Budgeted Standard Manufacturing Cost
Direct Material (1000*2*8) 16000
Direct Labour (1000*1.2)*25 30000
Prime Cost 46000
Manufacturing Overhead:
Variable Manufacturing Overhead (12*1000*1.2) 14400
Fixed Manufacturing Overhead (25*1680) 42000
Total Manufacturing Cost 102400

2. Computation of Variances:

U = Unfavorable, F= Favorable.

Direct Material variances:

  • Material Price Variance: (8- (20640/2400))*2400 = 1440 (U)
  • Material QuantityVariance: (1000*2 - 2400) * 8 = 3200 (U)
  • Material Cost Variance: (1000*2*8 - 20640) = 4640 (U)

Direct Labour Variances:

  • Labour Rate Variance: (25 - 23) * 1450 = 2900 (F)
  • Labour Hour Variance: (1000*1.2 - 1450)*25 = 6250 (U)
  • Labour Cost variance: (1000*1.2*25 - 1450*23) = 3350 (U)

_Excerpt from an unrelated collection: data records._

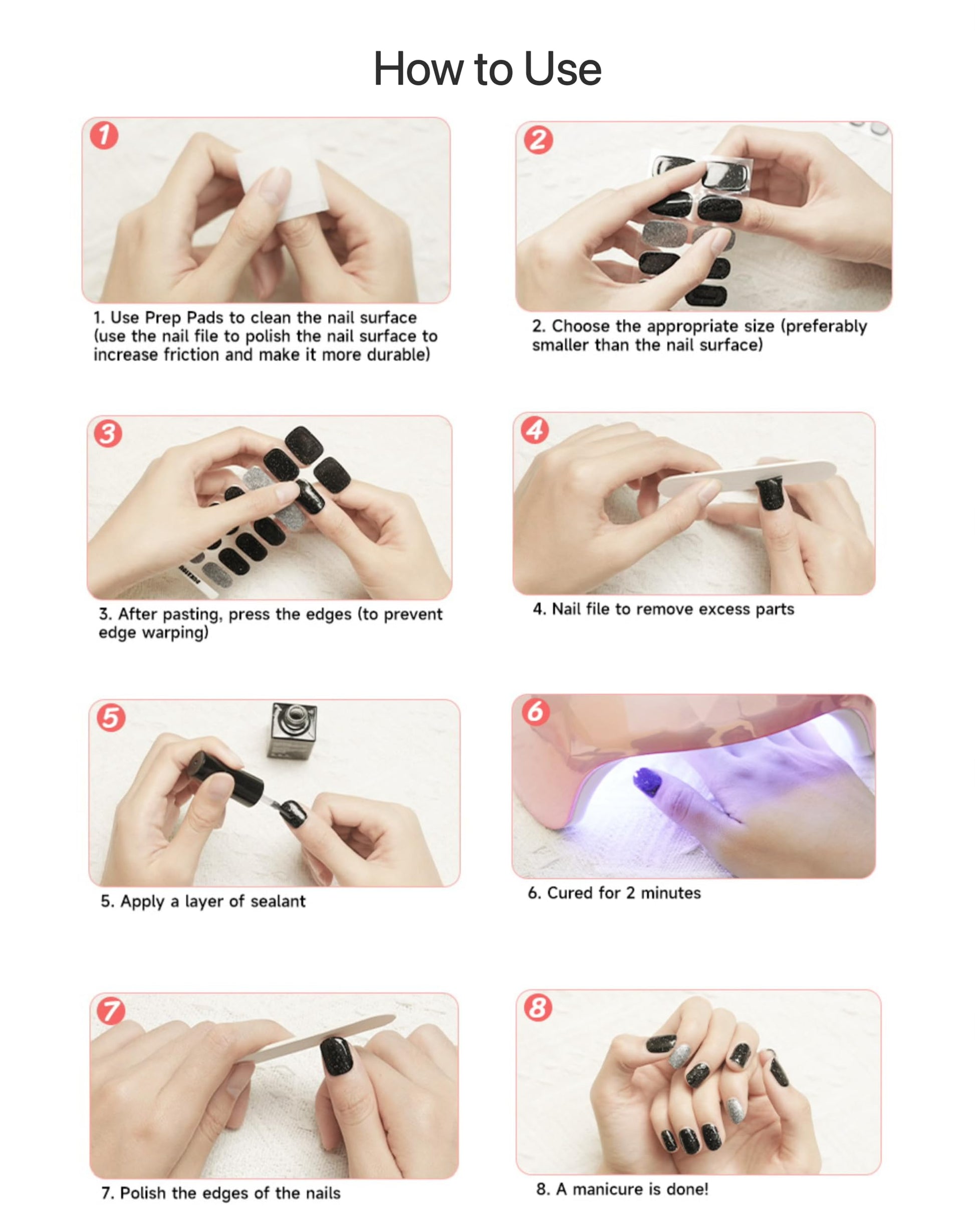 - DIY nails in 20 mins: polished and clean the nail surface, choose a smaller size than the nail surface, pressed tightly the entire nail surface and the edge, cut off the excess part, curing 60s, after cooling 20s, polish the fingertips will keep 2 weeks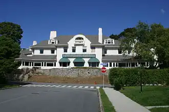 The Lighthouse Inn, originally known as Meadow Court, is a Colonial Revival hotel building at 6 Guthrie Place in New London, Connecticut. The Mission style main house was designed by William Ralph Emerson and built in 1902 as a country home for steel industry magnate Charles S. Guthrie. It is one of the few examples of this architectural style in the city, and became a popular dining and event venue after opening as an inn in 1927. The building and surviving estate remnants were listed on the National Register of Historic Places in 1996.[1] It was listed for sale by the city in February 2014, with historic preservation restrictions.[2]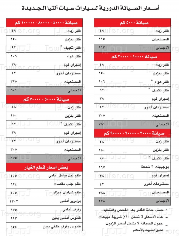 موقع فرصه نت سيات مصر تعلن عن اسعار الصيانة الدورية لسيارات ألتيا وابيزا وليون الجديدة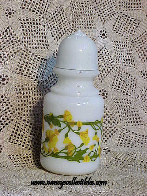 This is a white glass with a yellow floral design and a white plastic top. It is dated 1967. It is in excellent condition; no cracks or repairs. It measures 4-1/2" tall(including top) and 2" in di- ameter. It is marked "Avon, Jasmin Foaming Bath Oil, 3 Fl.Oz.". This is an empty container.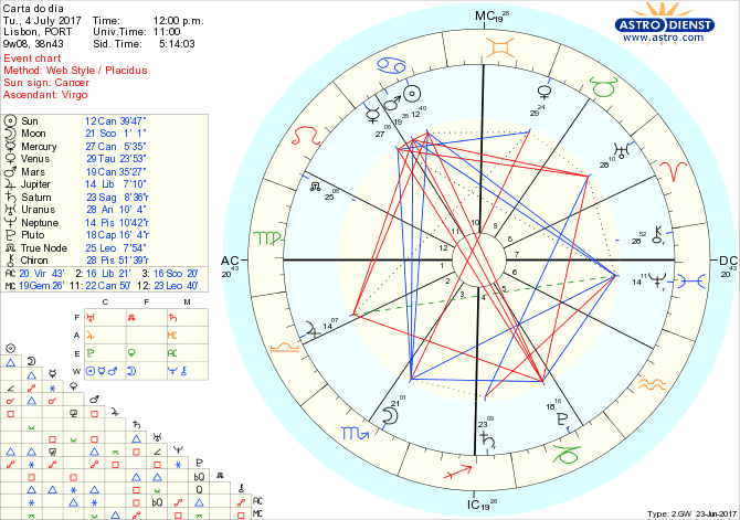 Mais um dia de grande intensidade emocional em que podemos individual ou colectivamente viver um grande sonho, fantasia ou desilusão. Aprender a navegar os sentimentos, tentando controlar as reações e projecções, escolhendo os objectivos e palavras que usamos nos relacionamentos são desafios do dia com Júpiter em Balança em quincúncio a Neptuno em Peixes, com a Lua ainda em Escorpião num grande trígono de água a Marte e Mercúrio em Caranguejo, depois de um trígono a Neptuno e um sextil a Plutão em Capricórnio. É preciso libertarmo-nos de visões cor-de-rosa das relações e focarmos na regeneração emocional. Vénus em Touro oposta a Lua reforça o descontentamento relacional e pede que se esclareça o que vale a pena defender. O quadrado de Mercúrio a Urano em Carneiro cria-nos também desconforto já que por um lado temos uma lógica de preservação e segurança e por outro há acontecimentos, informações e mesmo reações que levam a resultados surpreendentes que nos tiram da zona de conforto. Em resumo, é um dia em que o controlo das situações depende apenas do controlo das nossas próprias emoções.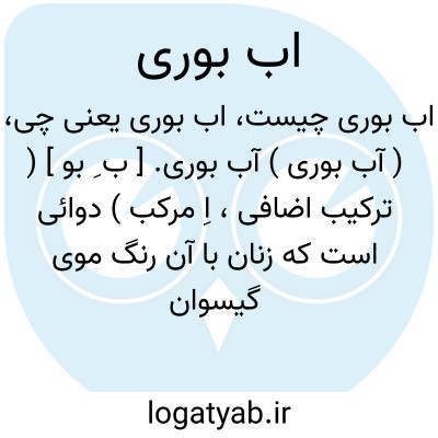 ( آب بوری ) آب بوری. [ ب ِ بو ] ( ترکیب اضافی، اِ مرکب ) دوائی است که زنان با آن رنگ موی گیسوان بگردانند برنگ خرمایی روشن.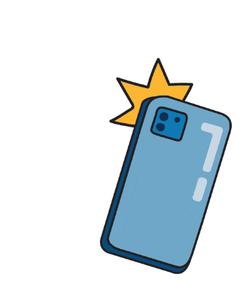 An animated sticker featuring a light blue smartphone with a camera flash, representing Chattanooga and UTC.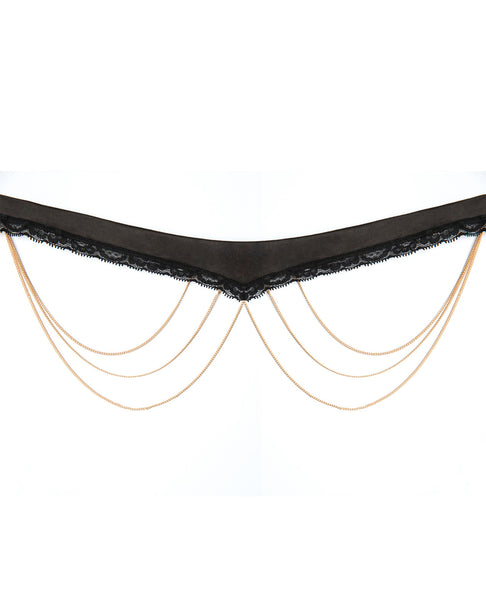Complete your flirty look with this black satin headdress featuring a black lace trim, satin ribbon ties, and three draping gold chains. (Headdress only.) Fabric: 90% Polyester, 10% Spandex. From OHlalacheri.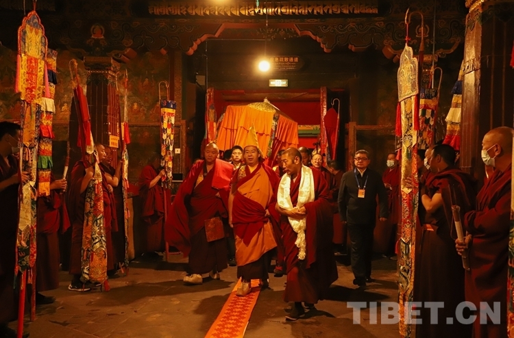 夜色中的古城拉薩靜謐祥和,千年古寺大昭寺燈火通明。凌晨5時許,大昭寺的僧人組成“色彰”隊,高舉經(jīng)旗、手持藏香,以藏傳佛教最高禮儀在通往大殿的兩側(cè)列隊恭迎班禪。

Variable Manufacturing Overhead Variance:

  • Variable Manufacturing Expenditure Variance: (12 - (15000/1450)) * 1450 = 2400(F)
  • Variable Manufacturing Efficiency Variance: (1000*1.2 - 1450) * 12 = 3000(U)

  • Variable Manufacturing Cost variance: (1000*1.2*12 - 15000) = 600 (U)

Fixed Manufacturing Overhead Variance:

  • Fixed Manufacturing Expenditure Variance:42000 - 43060= 1060 (U)
  • Fixed Manufacturing Efficiency Variance: (1450*25) - 42000 = 5750 (U)
  • Fixed Manufacturing Cost Variance: (1450*25) - 43060 = 6810 (U)

3. The company has to investigate the reasons for excess materials used and excess labour hours utilised. Due to the two factors, the Cost of materials used and Labour cost as well as variable costs have deviated unfavorably. Moreover, reasons for Fixed manufacturing Overheads which have significantly increased is also to be reviewed.

4. The Formula for Labour efficency variance is (Standard Hours of producing actual output - Actual hours)* Standard rate per hour

The formula for Variable o/h effeciency variance is (Standard Hours of prodicuing actual output - Actual hours)* Standard variable cost per hour

Since the multiplier ie, Standard Rate per hour cannot be negative, only the multiplicand (ie if actual hours are more than standard hours of actual output) can be negative. Since the multiplicand us the same in both the cases, the resulting product has to be either Favorable or Unfavourable in both cases and not different from each other. hence, when overhead is allocated based on direct labour hours, it is not possible to have an unfavourable labour efficiency variance and at the same time have a favourable variable overhead efficiency variance.